Каким-то чудом работу над фильмом удалосьтаки довести до конца, причем надо отметить, что исполняемые в нем песни пополнили творческую копилку Лайзы, особенно заглавная «Нью-Йорк, Нью-Йорк», которая стала для нее чем-то вроде новой визитной карточки.
Премьера фильма состоялась на восьмую годовщину смерти Джуди – 22 июня 1977 года – и оказалась бенефисом для Линкольновского Центра. За демонстрацией последовал огромный банкет в грильзале «Радуга» Рокфеллерского Центра – высоко над переливающимися огнями города, который так любили и мать и дочь. Для Лайзы Нью-Йорк был особым, волнующим местом, он подстегивал ее, стимулировал, одновременно давая свободу от назойливых толп поклонников.
«Это единственное место, где я пользуюсь полной анонимностью, – говорила она. – Он всегда полон новых лиц, новых задумок, новых идей. Здесь бьет ключом жизнь, какие здесь шикарные вечеринки и, разумеется, знаменитый нью-йорский юмор».
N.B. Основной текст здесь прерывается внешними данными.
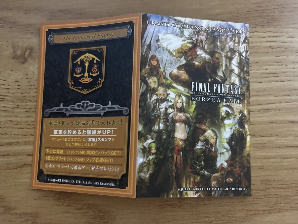 忘れてた! 急遽撮りに戻りました! ポイントカードは不滅隊にしましたよ!! 三国コンプリートで都市アート貰えるとか熱い!! このデザイン画を見て、ff14に憧れた時もあるので✨ #エオカフェ #OSAKA pic.x.com/BCtzzig2WP
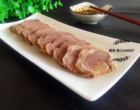 压好的马肉捞出沥干水份,切片,蘸蒜末酱油辣椒油调成的蘸料食用。
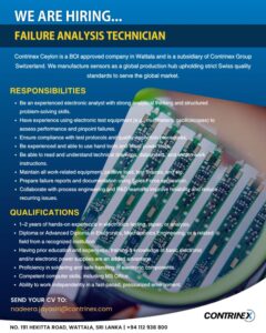 Deadline:- 19th December 2025 WE ARE HIRING - Test Engineer Contrinex Ceylon is a BOI-approved company in Wattala and a...
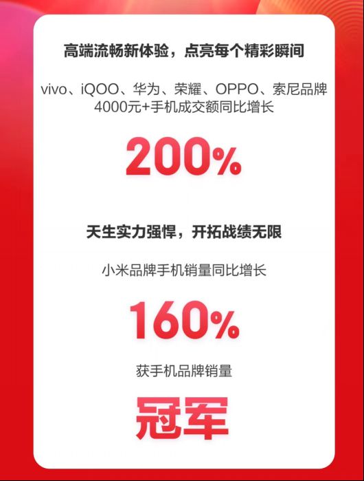 京东数据显示:晚8点开场10分钟,高端笔记本成交额同比增长177%,平板电脑成交额同比增长超100%,高性能创作本成交额12小时同比增长160%。家电全品类4小时成交额超去年全天,其中中高端家电产品成交额超去年全天,家电新品成交额超去年全月;vivo、iQOO、华为、荣耀、OPPO、索尼品牌4000元以上高端手机成交额同比增长200%;开门红1小时,户外电源成交额超过去年全月。
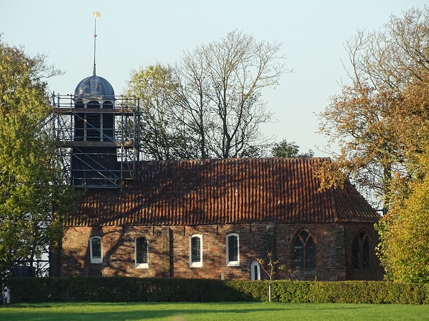 En langs Fransum, waar de toren op de kerk in de steigers stond:
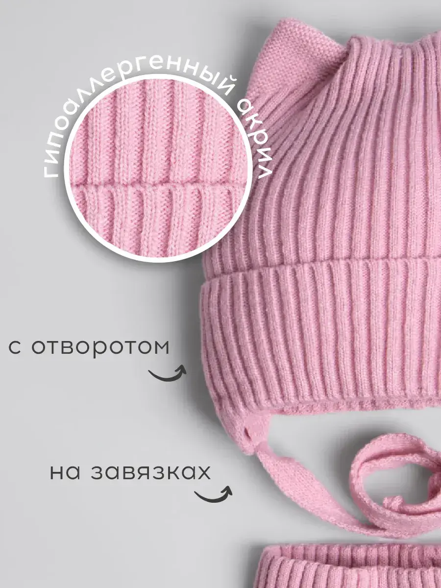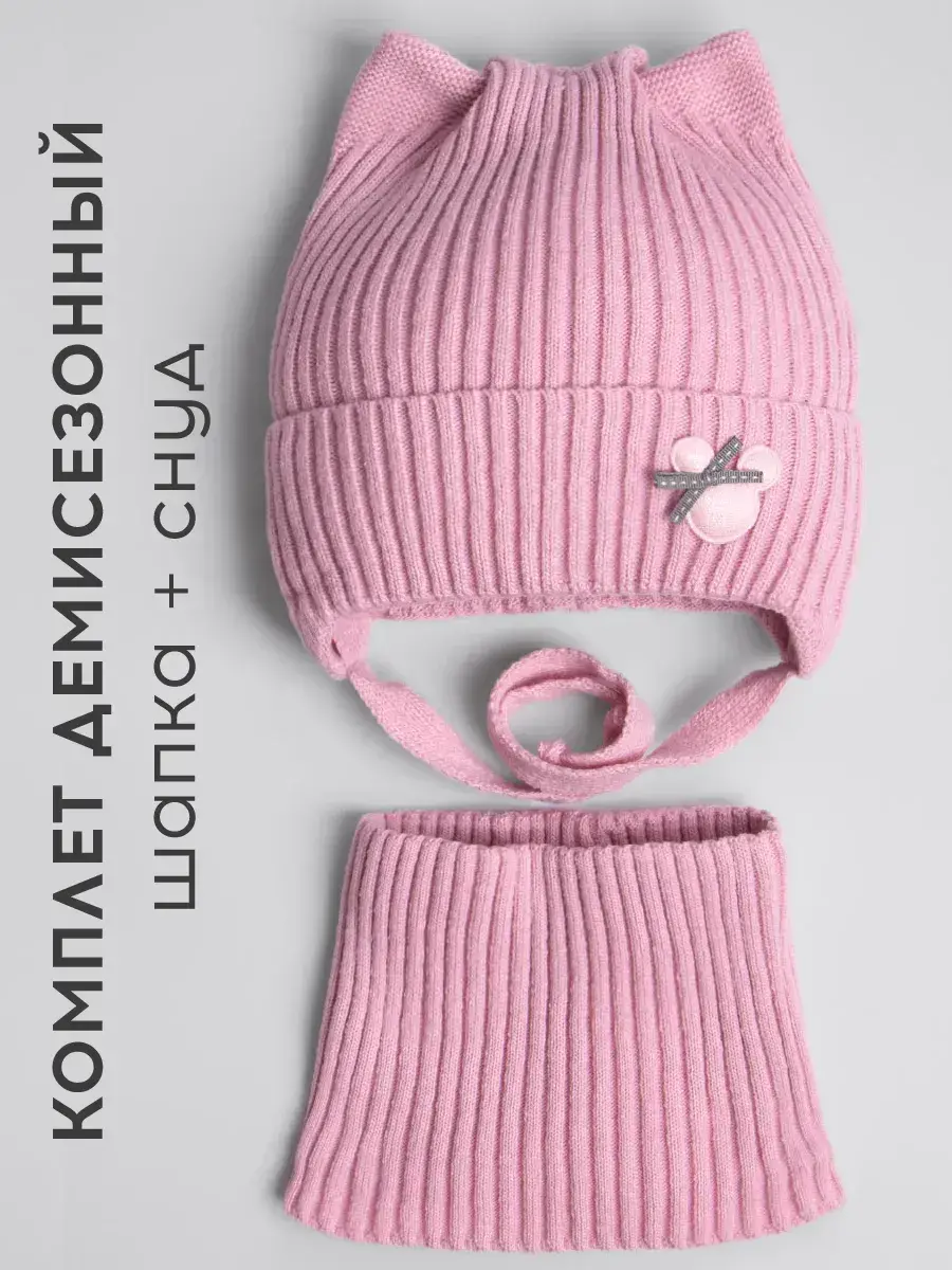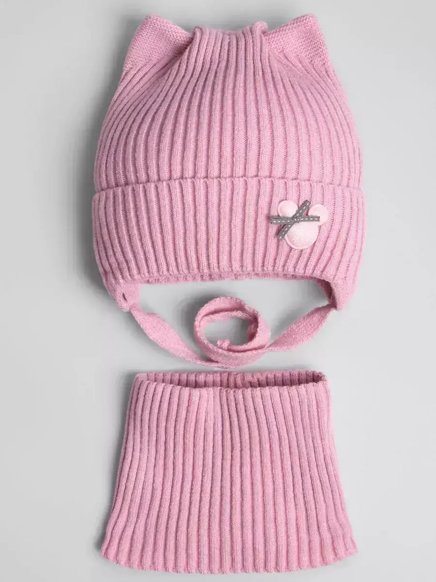 SWM-210/00-0033807/Шапка с ушками и снуд/розовый

В тот вечер, когда состоялась премьера, Лайза в полупрозрачном красном платье, опираясь на руку законного супруга, упивалась новыми лицами, роскошью и потрясающим банкетом, продолжавшимся до первых проблесков рассвета на Ист-Ривер. После чего вся компания отбыла на специально устроенный для них завтрак, организатором которого в модной дискотеке «Студия 54» стал Хальстон.
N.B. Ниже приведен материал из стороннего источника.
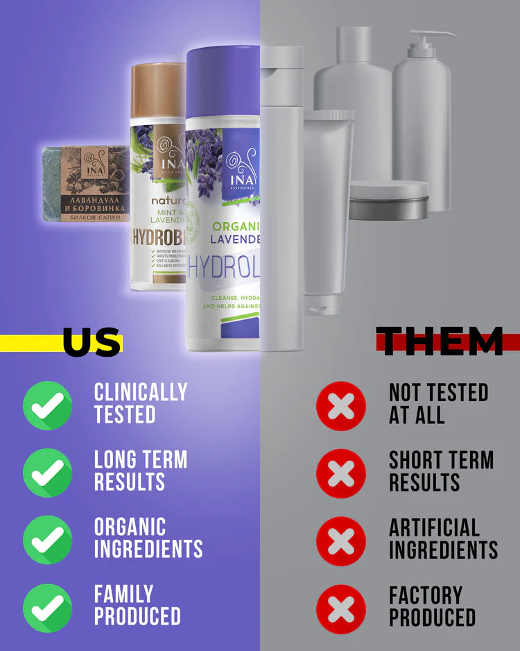 The promo set contains: 3 x Organic Lavender water - Hydrolina with anti-acne effect - 150ml (Hydrolat)
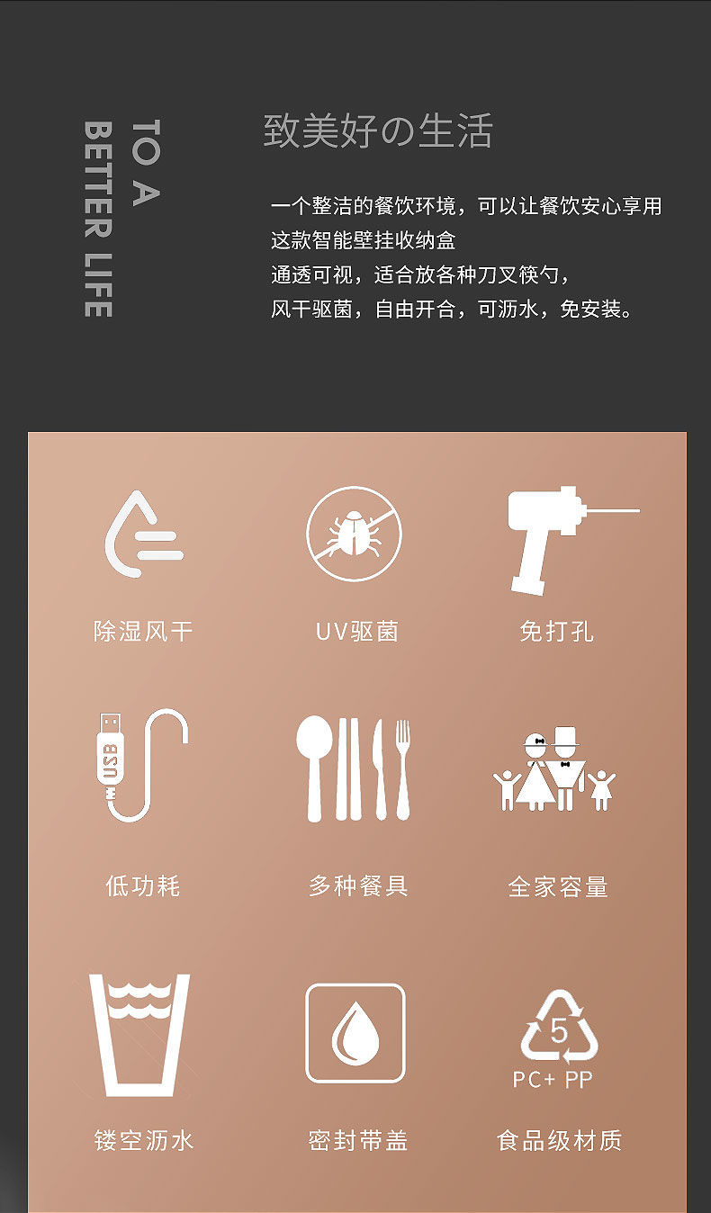智能筷子筒带盖沥水免打孔防霉壁挂式收纳盒全自动家用多功能(gxfc11)
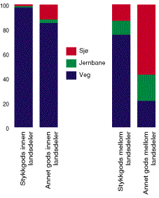 Målt i vareverdi er bildet helt annerledes. Om lag 54 pst ble fraktet med skip regnet etter vareverdi, mens bilens andel øker til nærmere 25 pst. Enda mer ekstrem er godstrafikken med fly. Tonnmengden med fly er helt ubetydelig, mens flyets andel regnet etter vareverdi utgjør mer enn 5 pst. De store forskjellene i transportmiddelfordeling regnet i tonn og vareverdi avspeiler transportformenes egenskaper. Sjøtransport, men også jernbane, er gunstig ved frakt av store volum over lange avstander. Luftfart har sine fortrinn i transport av gods der tidsfaktoren betyr mye, som f.eks. i post, avis og fisketransport over lange avstander, og ved transport av høyverdivarer.
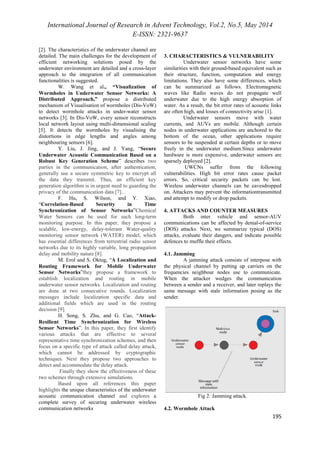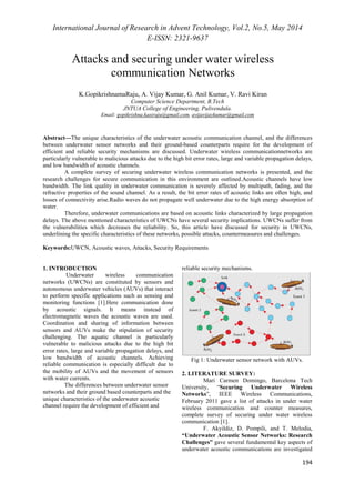 This document discusses security challenges in underwater wireless communication networks (UWCNs). It provides an overview of the characteristics of underwater acoustic channels that make UWCNs vulnerable to attacks, such as high bit error rates and low bandwidth. Several common attacks on UWCNs are described, such as jamming, wormhole attacks, and selective forwarding. The document also outlines security requirements for UWCNs, including authentication, confidentiality, integrity, and availability. It provides a survey of existing literature on securing UWCNs and discusses open challenges in providing security for these networks.

Критикам, писавшим рецензии на «Нью-Йорк, Нью-Йорк», в отличие от Лайзы, было не до веселья – они не участвовали ни в работе над лентой, ни «обмывали» ее. «Сэтердей Ревю» – в то время авторитетный журнал – нашел, что картина затянута, хотя и отметил игру Лайзы. «За два часа тридцать пять минут – а это, признайтесь, многовато, – «Нью-Йорк» так и не находит завершения. Но зато он дает нам возможность взглянуть на Лайзу Миннелли в ее самом харизматическом образе (в некоторые моменты может показаться, что перед нами ее мать, Джуди Гарленд), и уже этого было достаточно для вполне сносной развлекательности».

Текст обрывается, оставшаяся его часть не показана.